Set down, word for word, every line of the material below from the one containing "TANWERI | |||" through the one containing "Characteristics:Raditz is the", but none of its pictures.

◆ Task data:
________________________
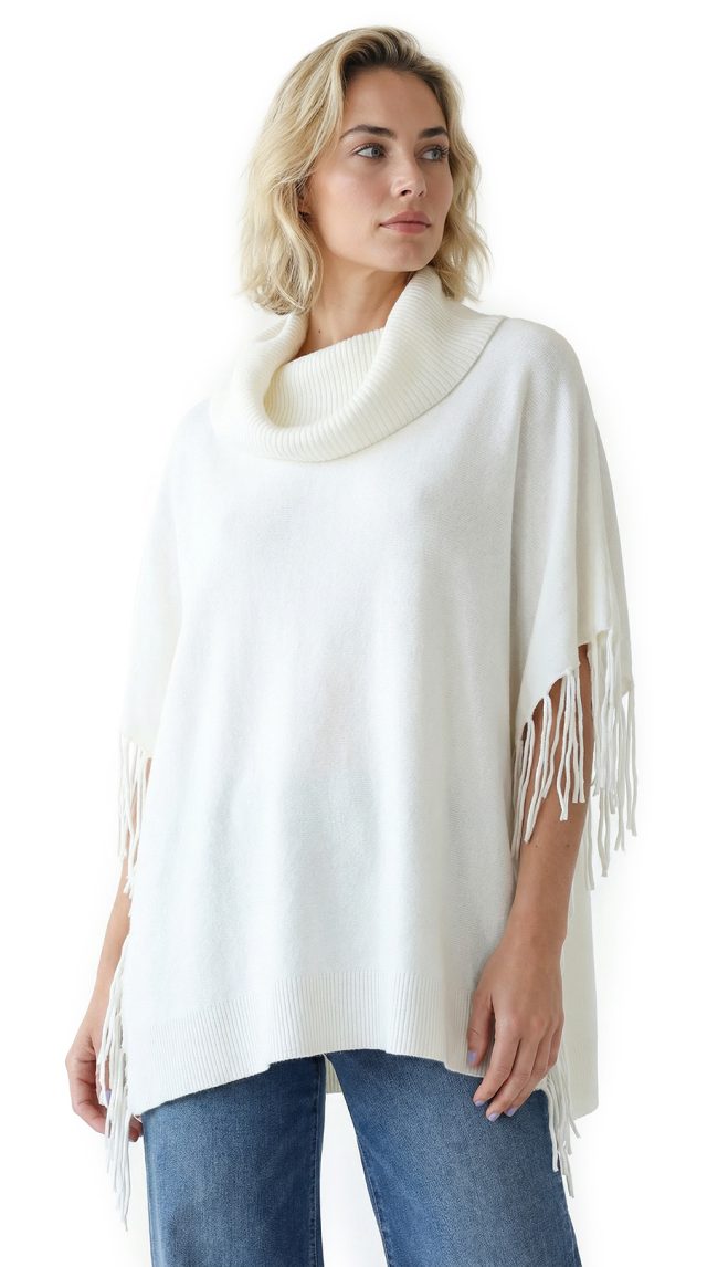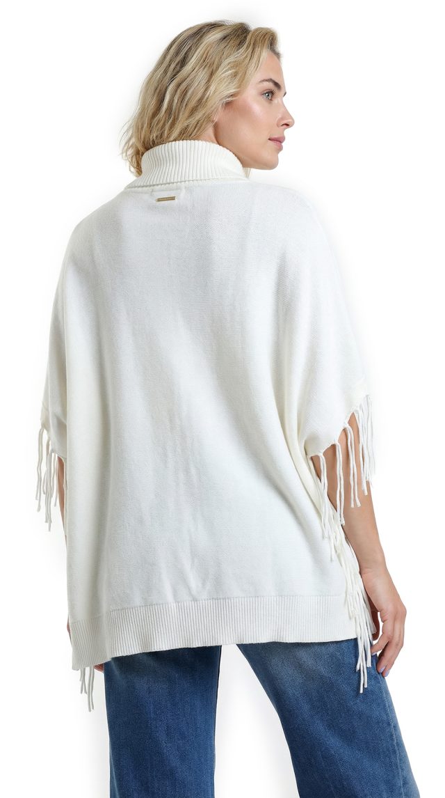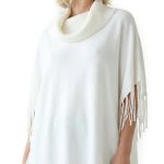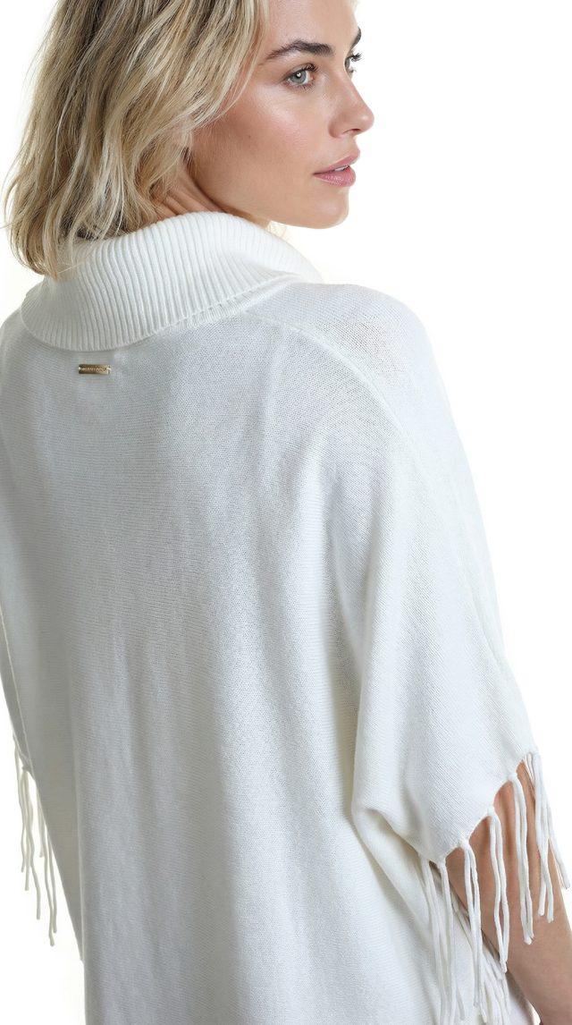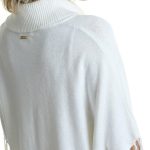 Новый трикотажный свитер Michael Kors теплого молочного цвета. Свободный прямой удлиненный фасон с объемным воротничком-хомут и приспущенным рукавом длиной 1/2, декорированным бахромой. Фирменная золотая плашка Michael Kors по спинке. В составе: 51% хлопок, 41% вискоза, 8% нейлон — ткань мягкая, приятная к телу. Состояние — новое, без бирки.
________________________
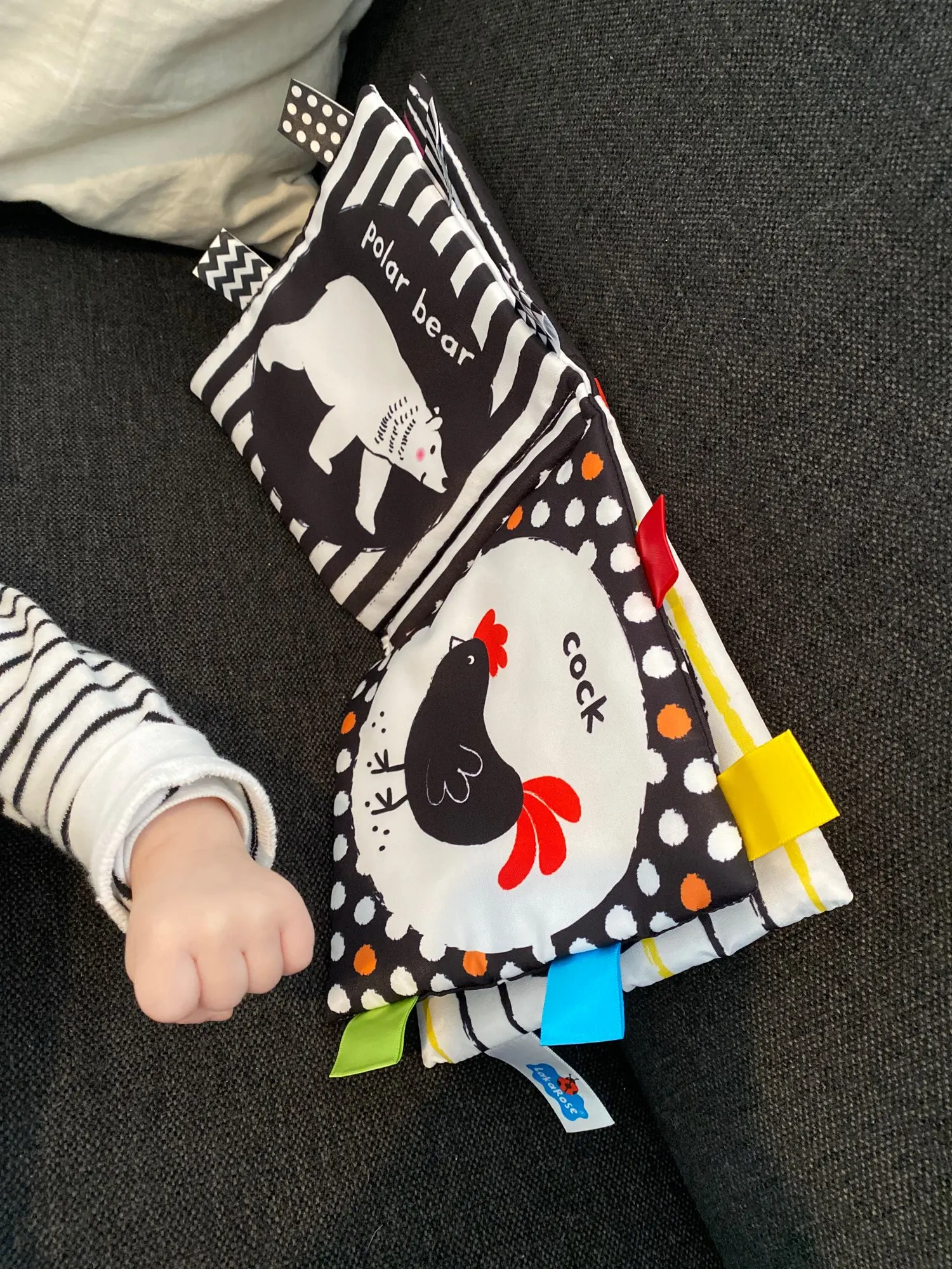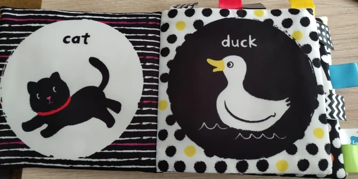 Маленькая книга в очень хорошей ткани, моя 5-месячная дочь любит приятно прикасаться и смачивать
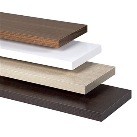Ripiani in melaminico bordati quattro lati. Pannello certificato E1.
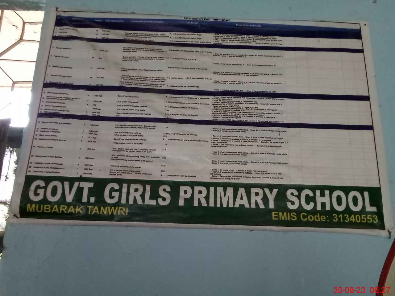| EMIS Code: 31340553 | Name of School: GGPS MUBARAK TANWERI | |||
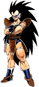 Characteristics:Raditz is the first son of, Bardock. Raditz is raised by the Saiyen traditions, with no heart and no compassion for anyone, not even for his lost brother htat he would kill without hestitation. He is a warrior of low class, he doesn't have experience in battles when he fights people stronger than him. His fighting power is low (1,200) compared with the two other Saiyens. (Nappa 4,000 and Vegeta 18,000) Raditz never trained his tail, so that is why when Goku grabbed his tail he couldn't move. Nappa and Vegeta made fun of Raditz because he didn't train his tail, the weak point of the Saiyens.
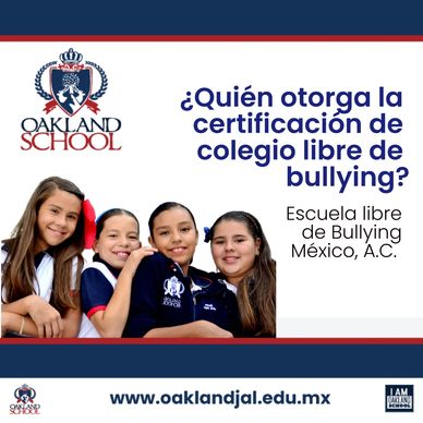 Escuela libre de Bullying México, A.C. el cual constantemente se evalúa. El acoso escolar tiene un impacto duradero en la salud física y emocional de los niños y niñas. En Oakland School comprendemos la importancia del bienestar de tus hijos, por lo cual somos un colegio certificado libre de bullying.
________________________
◆ Solution to the exercise:
| EMIS Code: 31340553 | Name of School: GGPS MUBARAK TANWERI | |||
 Characteristics:Raditz is the first son of, Bardock. Raditz is raised by the Saiyen traditions, with no heart and no compassion for anyone, not even for his lost brother htat he would kill without hestitation. He is a warrior of low class, he doesn't have experience in battles when he fights people stronger than him. His fighting power is low (1,200) compared with the two other Saiyens. (Nappa 4,000 and Vegeta 18,000) Raditz never trained his tail, so that is why when Goku grabbed his tail he couldn't move. Nappa and Vegeta made fun of Raditz because he didn't train his tail, the weak point of the Saiyens.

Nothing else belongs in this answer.